▸ INFORMATION PROVIDED:
*-*-*
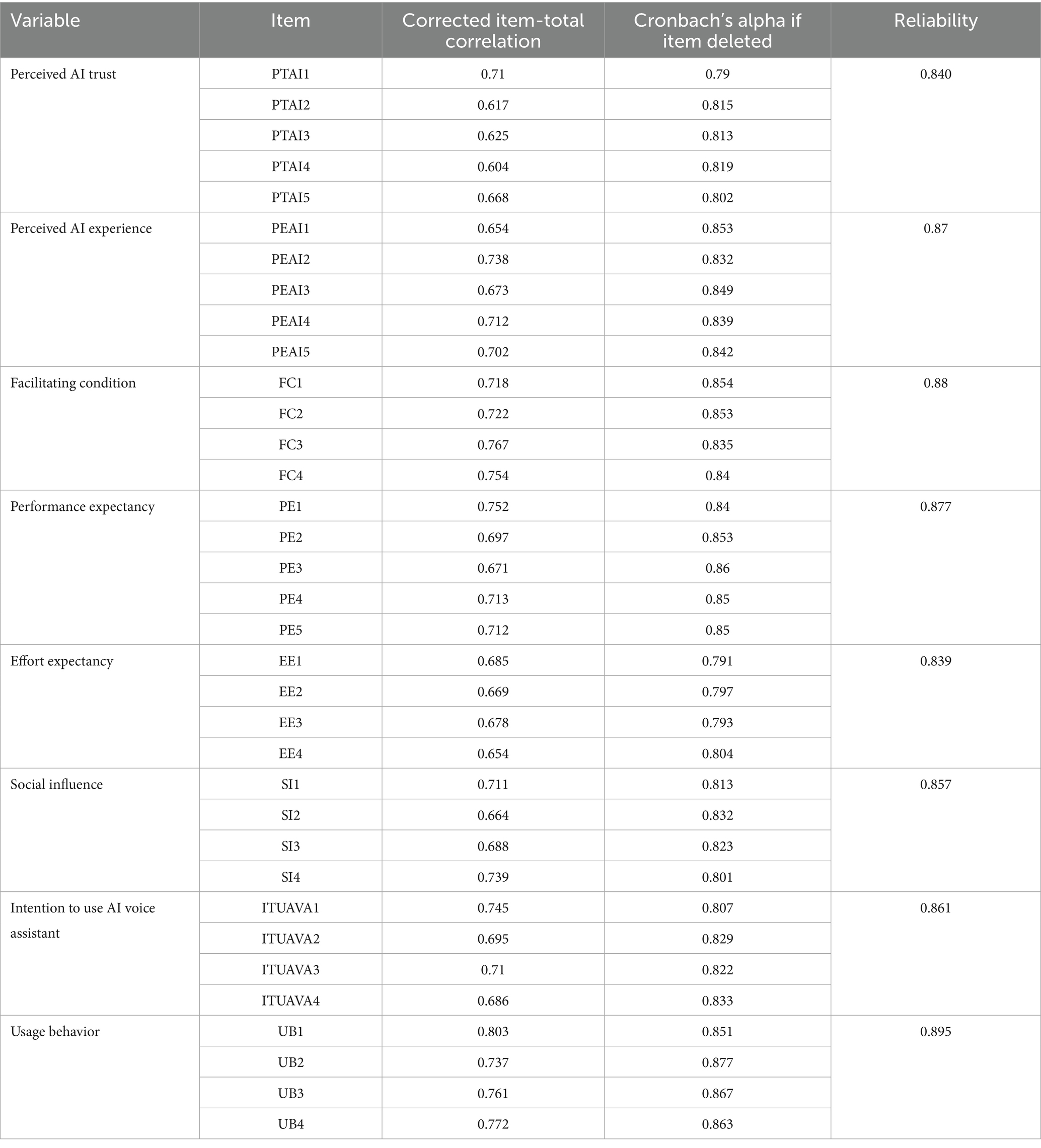 Reliability analysis, also referred to as internal consistency analysis, is used to evaluate the stability, consistency, and dependability of measurement results. To ensure the accuracy of the findings, a reliability test was performed on valid questionnaire data before conducting further analysis. In social science research, Cronbach’s Alpha coefficient is commonly used to assess reliability. Generally, a coefficient above 0.9 indicates excellent reliability; between 0.8 and 0.9 is considered very good; between 0.7 and 0.8 is acceptable; between 0.6 and 0.7 is marginally acceptable; and below 0.6 suggests the need for revision.
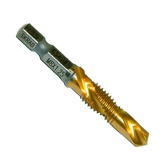 Сверла-метчики изготовлены из быстрорежущей стали HSS с нитридтитановым покрытием, что увеличивает;прочность и долговечность сверл-метчиков SKRAB. Сверла-метчики Scrab имеют шестигранный хвостовик, позволяющий применять их в шуруповёртах и способствующий лучшей фиксации метчика в кулачковом патроне.
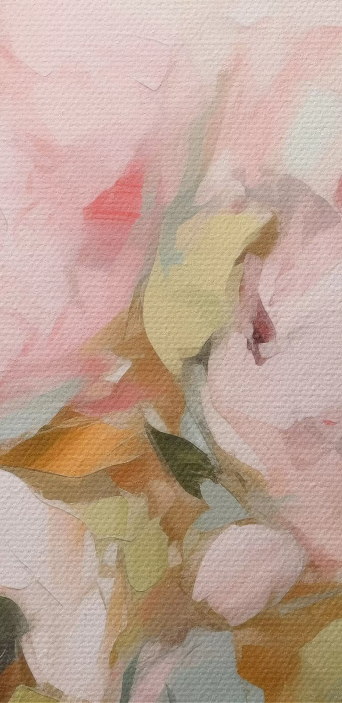 Peinture Peinture à l'huile imitant de grandes pivoines roses aux pétales souples et aux centres jaunes, entourées de feuilles vertes Art. s42720
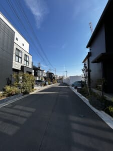 敷地配置図には北西角の白抜き部分がありますが、そこには新しく綺麗な戸建てが建ち並んでいます。周辺の街並みが整っているの点も良いですね!
*-*-*
What is needed is a word-for-word restatement of the lines from the one holding "Peinture Peinture à" to the final line of the data above, inclusive, without any pictures.

▸ ANSWER BOX:
 Peinture Peinture à l'huile imitant de grandes pivoines roses aux pétales souples et aux centres jaunes, entourées de feuilles vertes Art. s42720
 敷地配置図には北西角の白抜き部分がありますが、そこには新しく綺麗な戸建てが建ち並んでいます。周辺の街並みが整っているの点も良いですね!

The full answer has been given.